Сколько он лежал без движения, Валентин не знал, но когда открыл глаза, было уже темно. И пусто. Будто вымер весь дом – ни Рокэ, ни слуг. Странно. И жутковато. Валентин позвал – но никто не откликнулся, даже свечи не горели в комнате, заливаемой лунным светом сквозь оконные витражи. Надо было встать. Создатель ведает, зачем. Но надо. Встать и найти кого-нибудь.
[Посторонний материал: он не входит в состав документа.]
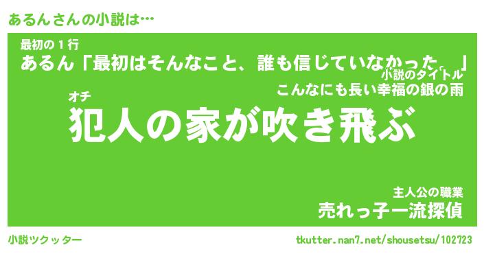 | 魚たちの銀の雨WW …「ケモノ」 | 10月27日 05:47 |

Странное, цепкое ощущение, что его кто-то ждет, кто-то важный, не отпускало, толкнуло на ноги – и прочь из комнаты, к лестнице, вниз, по коридору… Куда?.. Что за комната? Кабинет? Да. Вот резная темная дверь, из-под нее выбивается полоска света, но странного - не свечи и не камин… Луна? Валентин толкнул тяжелую створку и увидел – да, верно, луна… Серебро лилось в окно волнами, похожими на туманную взвесь мельчайших жемчужинок в воздухе. Или светящихся крупинок соли, может быть. Или просто расшитая серебром вуаль? Это было красиво – черное и серебряное, и никаких больше цветов в просторном кабинете. Черные силуэты мебели, спящий зев камина, львиная шкура на полу, отдернутая портьера, фрезии в вазе на каминной полке… И серебряная лунная пыль на всем этом. Как в сказке. Как в самом безумном и прекрасном детском сне. Сейчас по лунной дорожке неслышно спустится девочка с огромными ясными глазами, и когда она станет танцевать, ее серебряные волосы и серебряные крылья будут звенеть, как капель – или как колокольчики…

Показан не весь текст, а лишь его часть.